__What needs to be done__. The reply should contain all the data below, repeated exactly, and none of the images.

__Data block__.
_ _ _ _ _ _ _
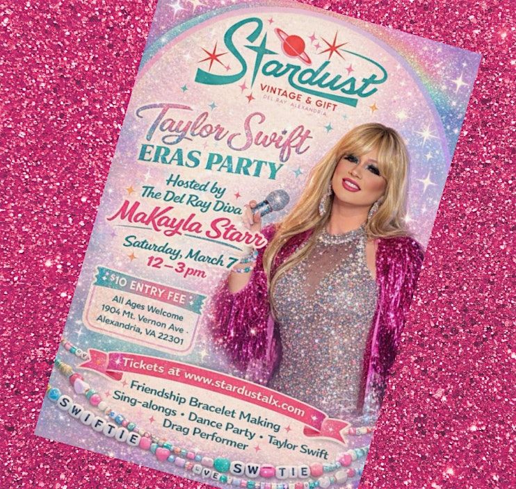Get ready to sing, sparkle, and celebrate every era at the Taylor Swift Eras Party at Stardust Vintage & Gift — hosted by Del Ray diva MaKayla Starr!
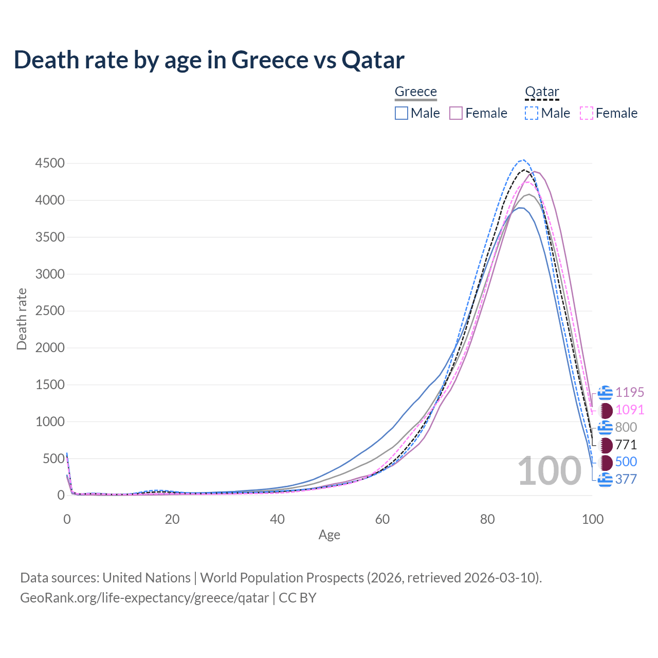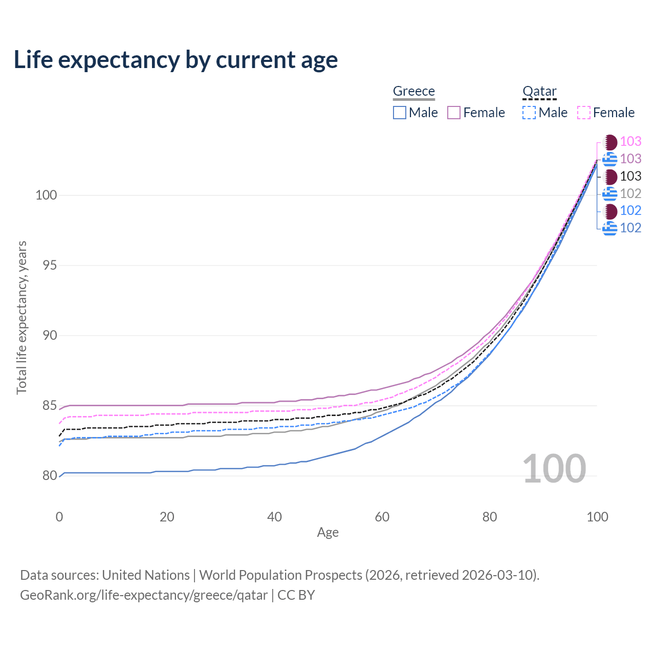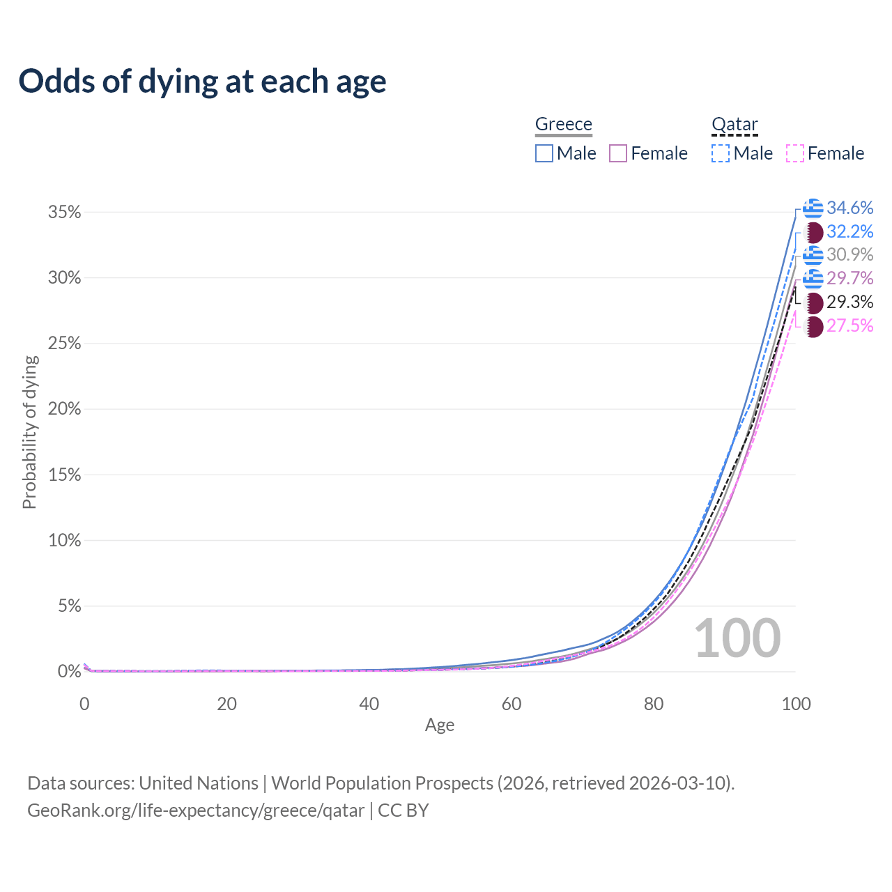 This life expectancy calculator shows the odds of living to 100, 95, 90, and below based on current age for both males and females in Greece and Qatar, along with mean and median age of death. The calculations are based on the 2026 life tables (actuarial tables) from the UN World Population Prospects.
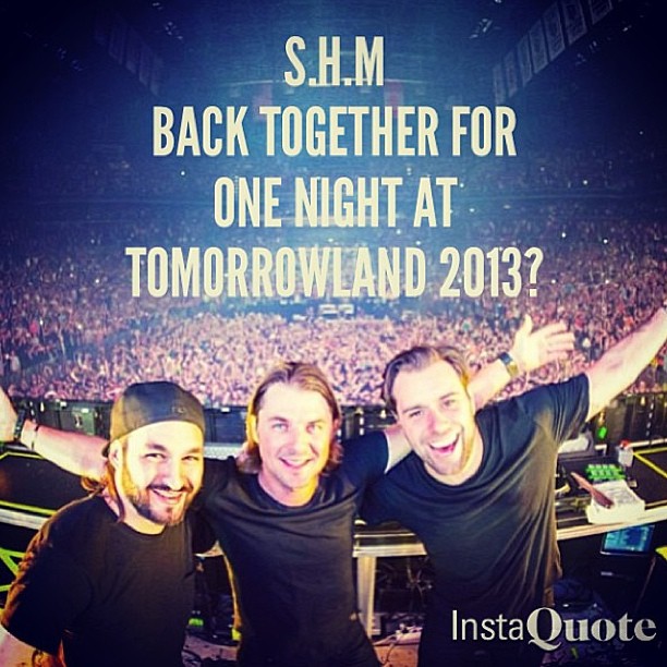 Les festival de musique électronique Tomorrowland 2013 a présentement lieu à Anvers, en Belgique. Tomorrowland regroupe toujours les plus grands DJs du monde. Cette année, les festival a laissé croire que Swedish House Mafia pourrait faire une réunion a Tomorrowland 2013.
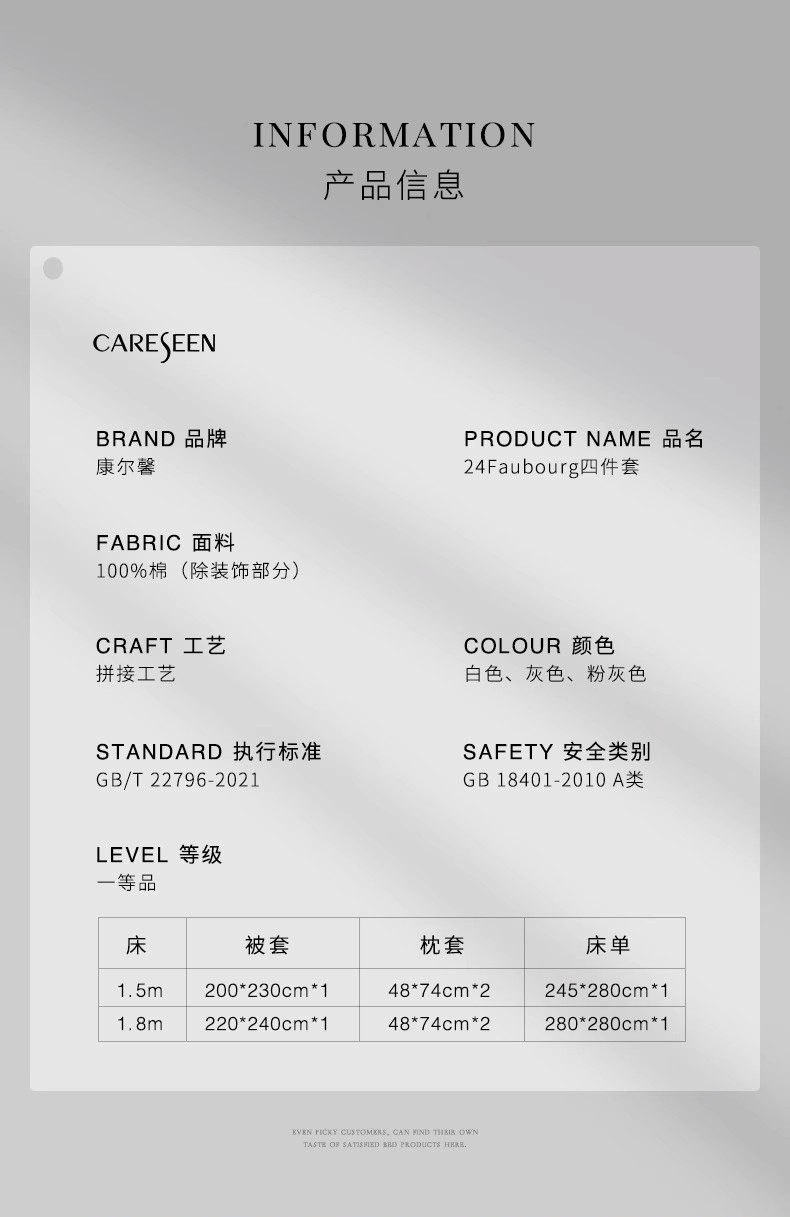 - 源自五星级酒店的奢华家纺品牌,康乃馨首次提出打造“酒店+家纺”的全新概念,将更为严格的五星级酒店纺织品品质标准与家纺相结合,完美诠释“酒店品质家纺”的舒适感受与奢华品味。
_ _ _ _ _ _ _
__Solution below__.
Get ready to sing, sparkle, and celebrate every era at the Taylor Swift Eras Party at Stardust Vintage & Gift — hosted by Del Ray diva MaKayla Starr!
 This life expectancy calculator shows the odds of living to 100, 95, 90, and below based on current age for both males and females in Greece and Qatar, along with mean and median age of death. The calculations are based on the 2026 life tables (actuarial tables) from the UN World Population Prospects.
 Les festival de musique électronique Tomorrowland 2013 a présentement lieu à Anvers, en Belgique. Tomorrowland regroupe toujours les plus grands DJs du monde. Cette année, les festival a laissé croire que Swedish House Mafia pourrait faire une réunion a Tomorrowland 2013.
 - 源自五星级酒店的奢华家纺品牌,康乃馨首次提出打造“酒店+家纺”的全新概念,将更为严格的五星级酒店纺织品品质标准与家纺相结合,完美诠释“酒店品质家纺”的舒适感受与奢华品味。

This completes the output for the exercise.